Last week the Treasury cut back the supply of the 4 week bills to $55 billion from $60 billion. Today they just announced another cut, to $45 billion. As a result of continuing massive demand for short government paper, the 4 week bill rate broke down from its range and closed at 18 basis points on Monday. The Fed’s magic wand may finally be going limp.
Perhaps my long espoused belief that the Fed can’t control rates will turn out to be correct after all. I was beginning to think that maybe they could pull it off because enough people were willing to play along with the illusion. But the jury may be starting to turn. As the BoJ and ECB continue to flood worldwide dealer/bank behemoths with cash, and NIRPitrage sends it cascading into the US, the Fed will be sorely tested to maintain the charade that it can control rates. It will be hard pressed to enforce the next “hike” if it even bothers to try. Certainly the weakening economic data (surprise, surprise—not) will give them an excuse not to.

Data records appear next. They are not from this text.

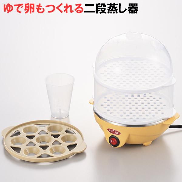 プエル 電気二段蒸し器 (PU-112) エッグスチーマー ゆで卵器 ゆでたまご 半熟 完熟 温野菜 蒸し料理 肉まん 便利 計量カップ付き ふっくら 時短 下ごしらえ
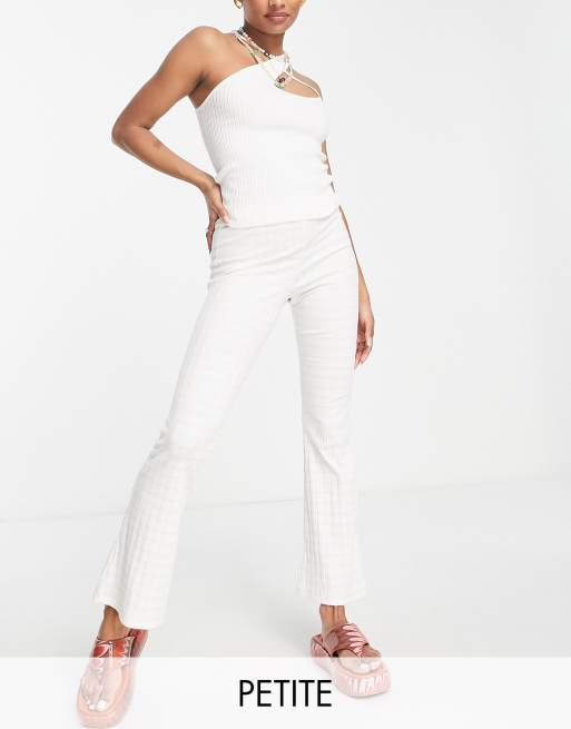 Topshop Petite co ord ribbed stripe flared trouser in ecru Very well made.
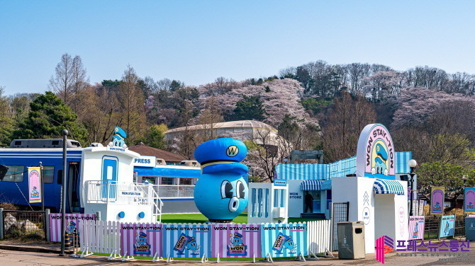 「WON STAY-TION」의 랜드마크인 중앙의 대형 캐릭터 벌룬, 포토부스, 굿즈샵, 휴게공간은 우리은행을 상징하는 블루색과 봄에 어울리는 핑크색으로 트렌디하게 연출되어 다양하고 재미있는 체험도 할 수 있게 구성됐다.
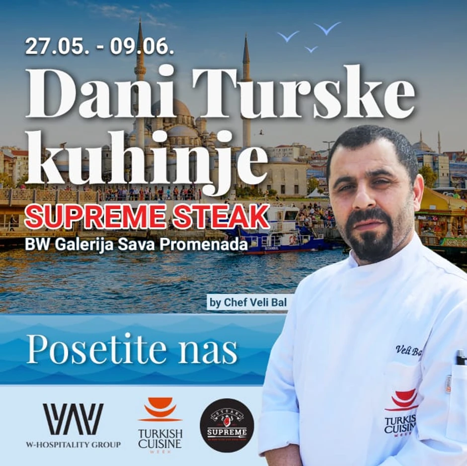 Restoran „Steak Supreme” će narednih dana, od 27. maja do 9. juna, biti domaćin turskim gastro majstorima, koji za goste restorana pripremaju probrane specijalitete iz njihove bogate kulinarske tradicije. Manifestacija se organizuje na inicijativu Ambasade Republike Turske u Beogradu i održava se već tri godine zaredom. Ove godine, izabrali su da se upravo u meni ovog restorana uvrste neka od najkvalitetnijih jela koja spajaju Istok i Zapad, odnosno Aziju i Evropu, sa naglaskom na izmirske specijalitete. Pored Beograda, u ovu globalnu akciju promocije turske gastronomske ponude uključeni su brojni gradovi širom sveta.
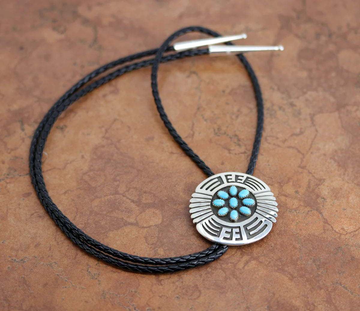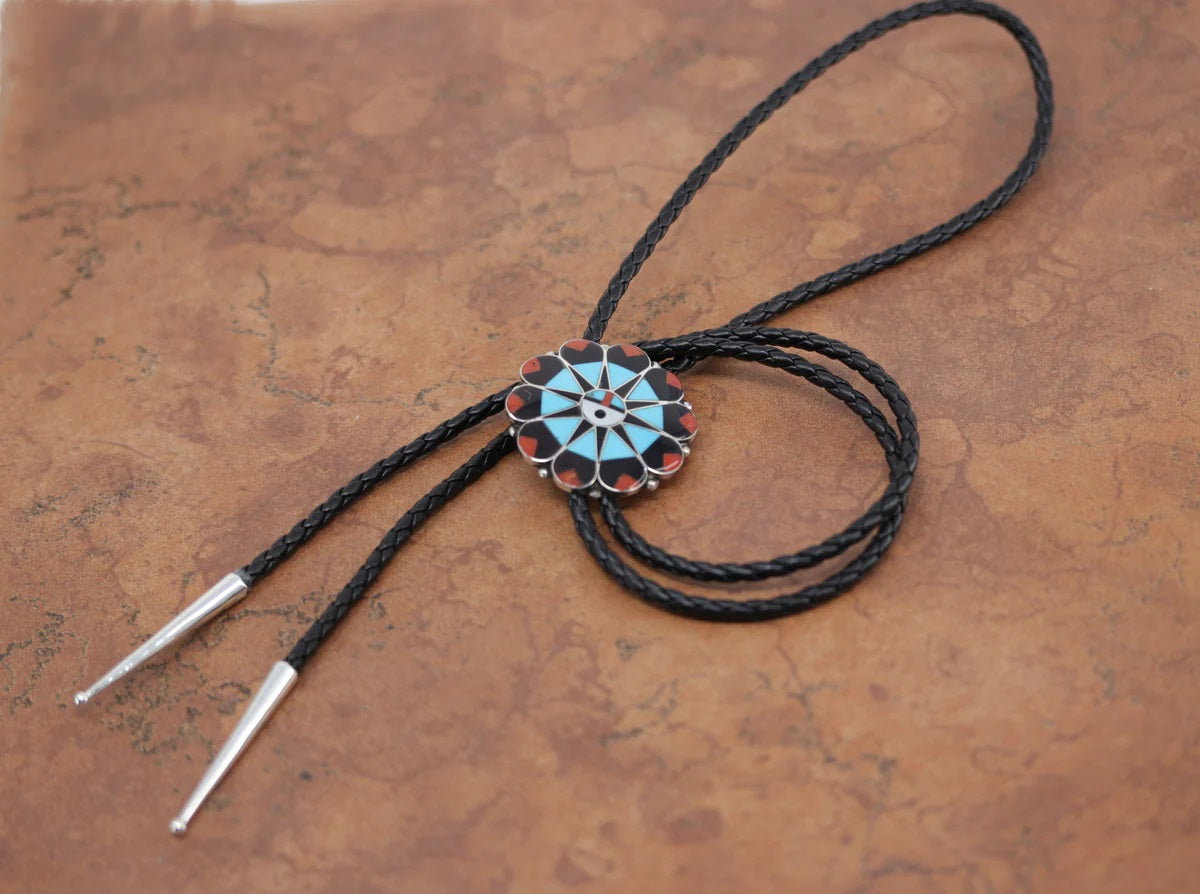 Sterling Silver Zuni Multi-Stone Sunface Bolo Tie

At the long end, demand for Treasuries has been consistently declining. That did not matter much as Treasury supply was steadily falling from 2009 through 2015, but it will start to matter now. As Federal Revenues have fallen precipitously since the third quarter of 2015, the decline in new Treasury supply has ended. If the drop in revenues is not reversed quickly, Treasury supply will begin to trend upward. We don’t need to be expert economists to know what declining demand and increasing supply will mean for bond prices and yields. We’ll keep an eye on the charts for any sign of a yield breakout.
With indications growing that the world’s central banks have gone completely insane, investors are increasingly recoiling from playing along with the con. Money is moving into short term government paper in ever increasing waves as traders, banks and financiers become increasingly risk adverse amid the growing evidence that central banks have lost control, as if they ever had any.